Schad, for many reasons, was hopelessly lost at left tackle. Thrown into perhaps the most difficult of all the line positions--the one that must protect the quarterback from being blind-sided by defensive ends--Schad failed.
But the move may have saved a career. With his size, 6 feet 5 inches and 280 pounds, Schad has become an effective run blocker. He looked good in the team's exhibition win over the Denver Broncos in London, making some key blocks in one long third-quarter touchdown drive.
"That was the first time I've really got to play football since college," Schad said.
His pass blocking still needs work and it may be some time before he becomes a starter, but consider that last year the Rams were wondering if he'd ever become anything more than a mistake.
"I think he's going to be a starter in the NFL," Robinson said. "He'll be a successful player for us soon. I don't know how soon. Obviously, he won't be a starter this season unless there's an injury or something."
Schad is preparing himself for success on his schedule, not on one set by those who analyze draft picks for a living.
Instead, he's made a point of absorbing everything All-Pro guard Dennis Harrah says and does.
"I have a mental picture," Schad said. "I see a guy in a white shirt with the No. 60 (Harrah's number). I've seen him so many times on film that that's the picture I see. I view it as that's how the job's done. It's like opening a textbook and seeing the anatomy of a stomach. You say that's how it's supposed to look."
Of course, for Schad it will mean time, discipline and good study habits. Those things worked once in a sociology course.

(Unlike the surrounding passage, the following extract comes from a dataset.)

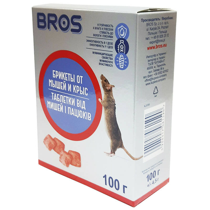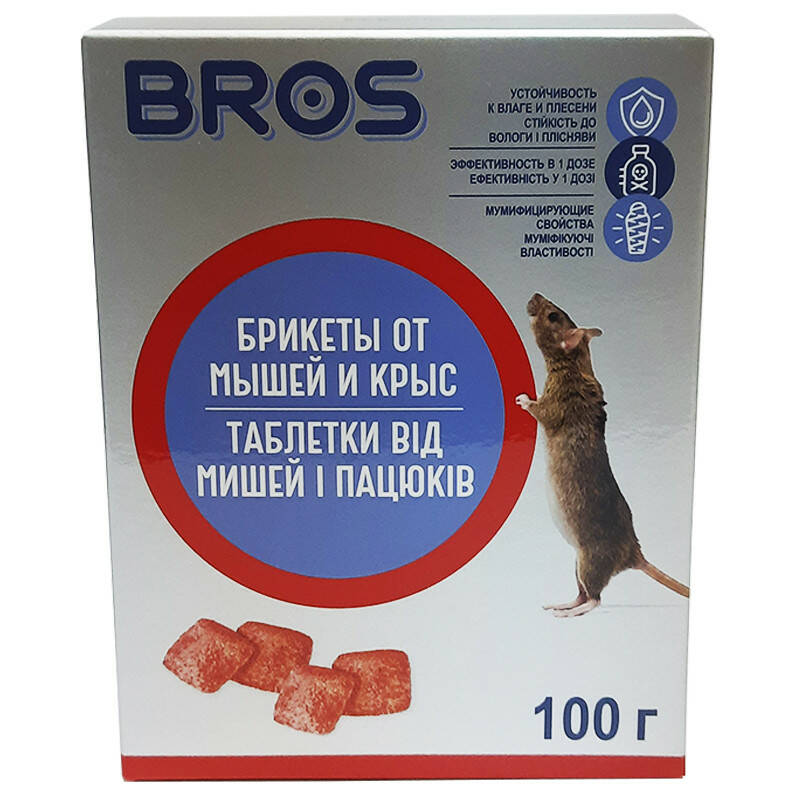 Брикети Bros від мишей і пацюків - це отруйна принада як воскові брикети, що мають особливу стійкість проти цвілі та вологи, тому рекомендується до використання на вулиці, на горищах або в підвалах. Має муміфікаційні властивості: немає неприємного запаху — гризун просто висихає. Засіб має повністю протилежну отруті дію, тому гризуни охоче його з'їдають. Речовина поступово накопичується в організмі гризуна, і вони не підозрюють, що з'їдають принаду.

Schad doesn't consider the alternative, which is failure.
"I wouldn't want to live with that the rest of my life."
Efforts to resolve Eric Dickerson's paternity suit in a preliminary hearing failed Tuesday, and the case will now go to full trial this morning at 9 a.m. before Judge James G. Kolts in Los Angeles Superior Court.
Dickerson is being sued by former girlfriend, Rea Ann Silva, who is seeking $7,500 in support for her unborn child, allegedly fathered by Dickerson.
The parties on Tuesday tried to settle the case through a mediator, but when that failed, a court date was set.
"I feel good faith efforts were made by both parties," Dickerson's lawyer, Fred Glassman, said. "But sometimes it just breaks down, just like anything else."
Glassman said the case should be resolved today. It also means that Dickerson will miss his second day of practice.
The case is closed to the public.
Ram linebacker Carl Ekern will undergo arthroscopic surgery today to repair torn ligaments in his right knee and will be out four to six weeks, the team announced Tuesday night.
Ekern injured the knee in last Thursday's 23-14 exhibition win over the Seattle Seahawks. The injury was first reported to be a hyper-extension of the knee, but new X-rays taken Tuesday revealed a ligament tear.
Surgery will be performed by Dr. Clarence Shields at Centinela Hospital Medical Center in Inglewood.
Ekern is the second starting linebacker to undergo surgery this week. Mark Jerue also injured a knee in the Seattle game and had surgery last Friday. He's expected to be out until October.